Wednesday, December 10, 2008

Allons-Y! Le Pays!

It begins with the land.

Organic farmers stress that it all begins with the soil. And this is true--it's not about feeding the plant, but rather enriching the soil so that it is grateful and able to give you its extra, in the form of food/plants (or animals fed plants), through garden or the larger-scale version of same, the farm. But I would argue that a further-back origins point is le pays---the land--the ideas that we as humans have about how we navigate the planet, and eat to live (live to eat!), stay alive both in the physical sense but also the psychical sense.

This blog is an exploration of ideas around food, farming and nature, and the frugality (frugalité/simplement) underpinning the approaches to these matters of concern.
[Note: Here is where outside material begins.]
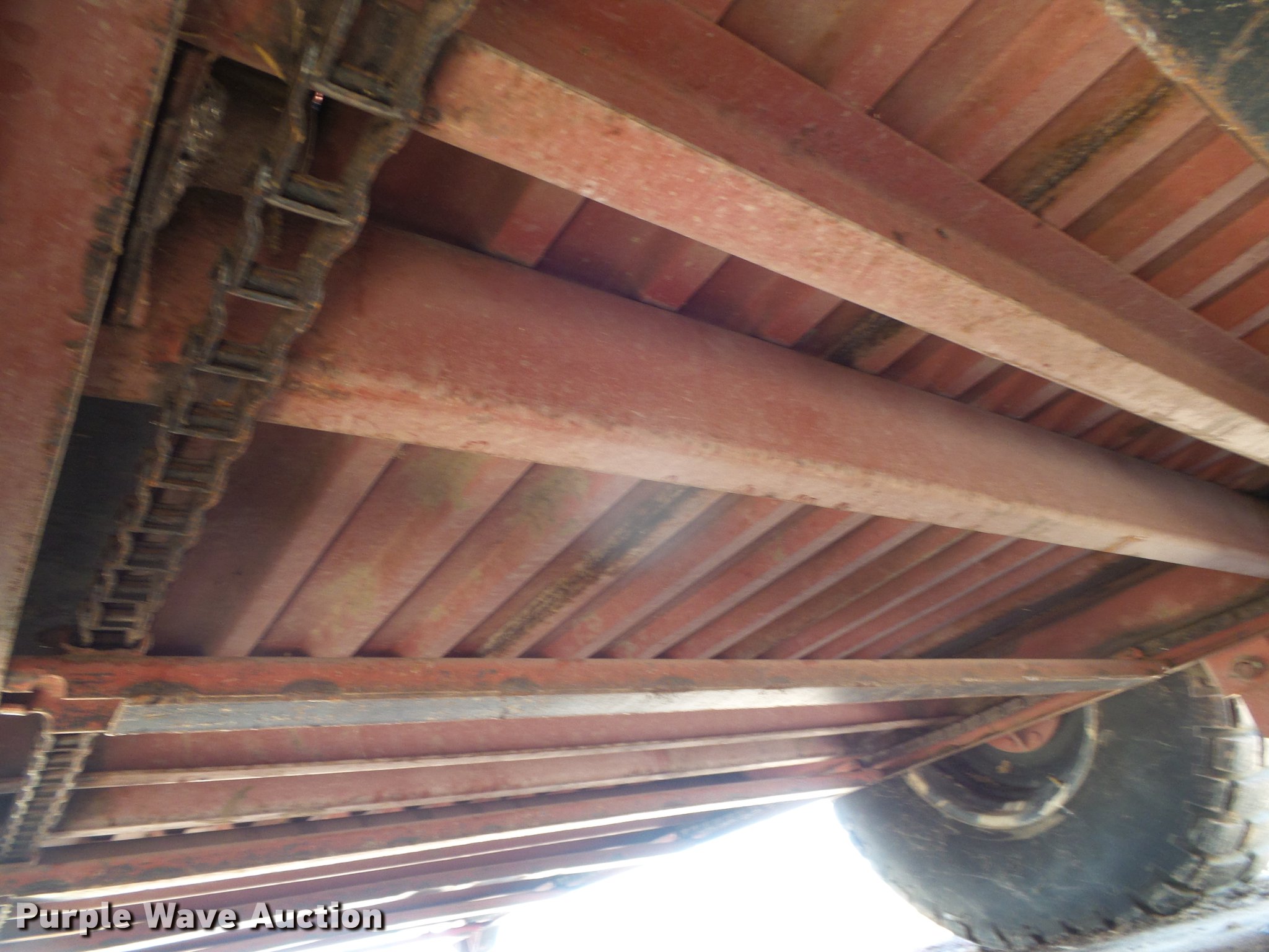 Purple Wave is selling a used Hay Handling in Kansas. This item is a Hesston Stakhand 60B bale stacker with the following: 20'L x 8'W, 6' pickup chamber, 12,000 lbs max capacity, 1000 PTO, Pin hitch, 23.1-26 tires, Weld repairs
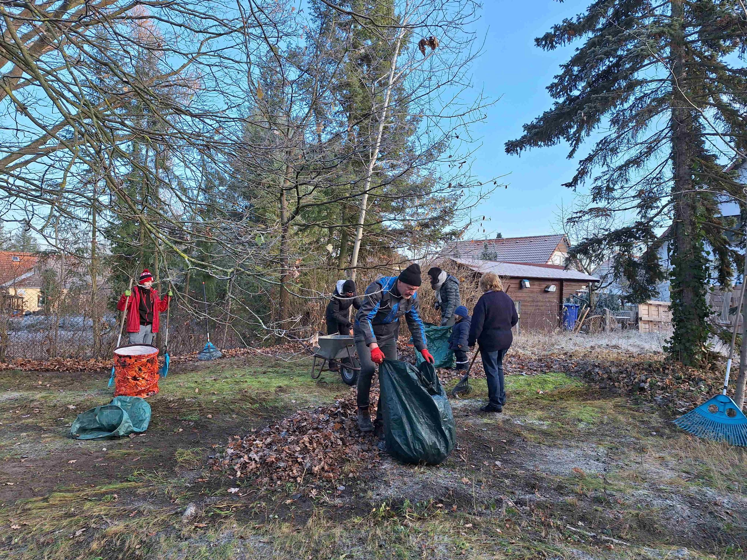 Den Blättermassen wurde der Kampf angesagt und Dank der vielen Hände nach nur knapp 2 Stunden siegreich beendet. Die alten Grabstellen im ehemaligen Wäldchen und die Pflegegräber an der Friedhofsmauer wurden mit Tanne und Grabkerzen versehen. Nun sah alles gepflegt und schön aus für die Winterruhe.

They're all connected --I mean, honestly, we all eat, so even if you live in downtown TO or DC or Paris you've still got that connection of soil, of land-ideas, to your tongue; there’s still space, it seems, for some more conversation on the inter-connection of these issues...and so this is why I decided to begin this blog.
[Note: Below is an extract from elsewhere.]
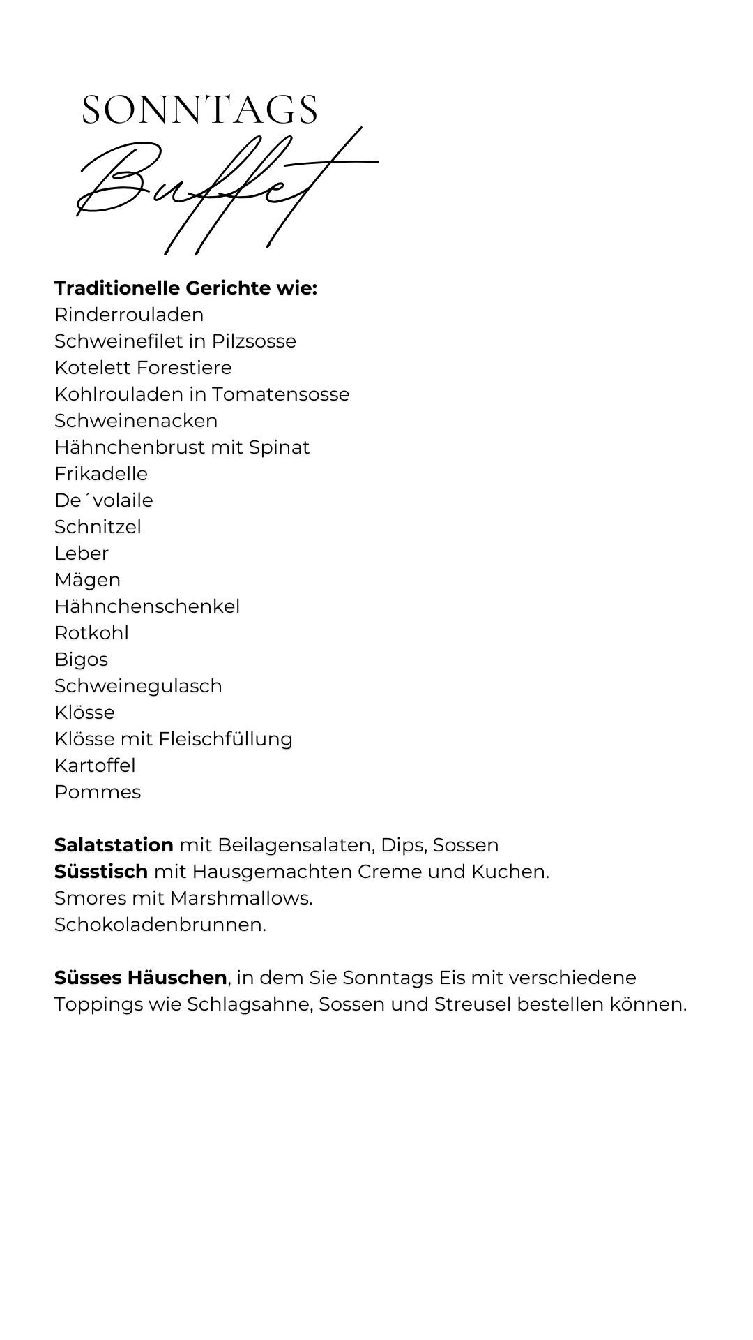 Sonntags : 12:00-18:00 Klassisches Buffet 12:00-18:00

I have struggled for some weeks what to call this ‘thing’....and why, even, there was a need to write such a forum/in such a form. Those who know me know I’m a 19th century person – though (wearing my historian hat), most 19th century people would have had a greater knowledge of electricity than I do, and of the basic technologies that most take for granted now. What this means, though, is that while as a poet and writer I’m tremendously complex and convoluted I try to live simply, and locally, but with a sensibility expressed in a love of travel, love of foods from all over the globe, and struggles to farm a bit, where I live and also (long story; later) in a country other than the one I live in.
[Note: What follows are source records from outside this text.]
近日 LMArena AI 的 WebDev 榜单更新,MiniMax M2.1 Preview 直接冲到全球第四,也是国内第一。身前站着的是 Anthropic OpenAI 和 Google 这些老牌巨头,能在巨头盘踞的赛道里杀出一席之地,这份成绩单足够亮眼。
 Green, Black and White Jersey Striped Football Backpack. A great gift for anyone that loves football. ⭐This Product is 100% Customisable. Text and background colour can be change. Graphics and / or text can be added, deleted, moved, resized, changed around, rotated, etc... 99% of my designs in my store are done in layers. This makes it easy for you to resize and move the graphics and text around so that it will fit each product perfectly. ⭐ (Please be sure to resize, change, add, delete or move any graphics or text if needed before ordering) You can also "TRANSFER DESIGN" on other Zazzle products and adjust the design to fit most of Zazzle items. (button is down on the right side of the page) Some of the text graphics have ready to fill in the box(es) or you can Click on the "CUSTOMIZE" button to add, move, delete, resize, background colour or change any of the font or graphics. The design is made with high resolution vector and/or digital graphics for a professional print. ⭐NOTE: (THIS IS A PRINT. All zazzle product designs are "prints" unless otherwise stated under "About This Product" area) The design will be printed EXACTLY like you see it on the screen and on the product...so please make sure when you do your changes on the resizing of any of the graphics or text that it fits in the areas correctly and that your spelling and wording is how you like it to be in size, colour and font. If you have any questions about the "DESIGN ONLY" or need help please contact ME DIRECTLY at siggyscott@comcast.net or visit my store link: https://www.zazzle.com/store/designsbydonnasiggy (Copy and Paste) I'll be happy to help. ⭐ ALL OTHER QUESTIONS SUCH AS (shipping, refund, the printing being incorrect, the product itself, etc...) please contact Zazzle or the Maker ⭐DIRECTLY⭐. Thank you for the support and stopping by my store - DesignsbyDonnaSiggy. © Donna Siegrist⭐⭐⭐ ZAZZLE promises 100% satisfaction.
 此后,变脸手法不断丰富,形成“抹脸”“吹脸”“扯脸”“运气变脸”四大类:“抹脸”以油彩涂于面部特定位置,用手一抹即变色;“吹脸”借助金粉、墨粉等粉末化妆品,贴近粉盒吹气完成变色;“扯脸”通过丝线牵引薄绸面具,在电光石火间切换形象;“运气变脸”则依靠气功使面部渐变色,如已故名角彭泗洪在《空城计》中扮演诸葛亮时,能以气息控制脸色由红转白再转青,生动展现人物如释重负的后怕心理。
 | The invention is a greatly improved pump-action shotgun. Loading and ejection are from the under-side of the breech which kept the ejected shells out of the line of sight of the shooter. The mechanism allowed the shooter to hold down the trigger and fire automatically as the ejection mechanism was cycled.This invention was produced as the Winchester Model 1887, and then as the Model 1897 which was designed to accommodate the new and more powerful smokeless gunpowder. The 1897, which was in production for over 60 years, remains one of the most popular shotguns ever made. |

This evening, about 16:30 Atlantic time, I went out to the garden. The foot or so of snow that had bedded it down--or so I thought--for the winter, had now been melted away by the above normal temperatures (12 degrees C today) that keep reminding us of the phrase climate change. In the gloom of rain and wind and pensive skies, however, what had been exposed were not only the embarrassingly naked patches of insufficiently mulched garden, but also the spinach bed, planted August first: and so, on December 10, 2008, what will likely be the last harvest of spinach was taken. What had fed me, and helped dress the salads of one community dinner, had emerged flattened but undaunted from the early November snows that had me cross country skiing the earliest ever.

I was too exhausted, before the snow came, to place a window frame (old window, with glass intact) over this square of wood—an old picture frame—and thereby create a ‘cold frame’ in which the spinach could grow for as long as the winter would let it. Spinach and kale and a few other things, gardeners know, can live even when it’s below freezing, if they have a bit of protection. But I made the decision not to go about framing the bed of spinach, even though this weird weather had given me an opportunity. I was too tired tonight. But I would eat again a harvest salad of spinach, already harvested and stored in the fridge carrots and purple cabbage, and be grateful.

Before heading back into the house to mark (grade, in the lingo of American professors) student papers, I went to the very end of the plot and harvested a handful of kale, the final cut from a bed planted just as the previous winter’s snows were retreating last April. Tomorrow, or soon (as I’m sure some markets are still featuring kale, fresh kale from better stewards than I) will post a recipe for a bean/kale/potato soup that uses the leftover rinds of gouda (or parmesan) cheese to flavour it. And talk about the FFF talents, skills and joys of making, making do, or doing without. And other things connecting food, farm, and frugality.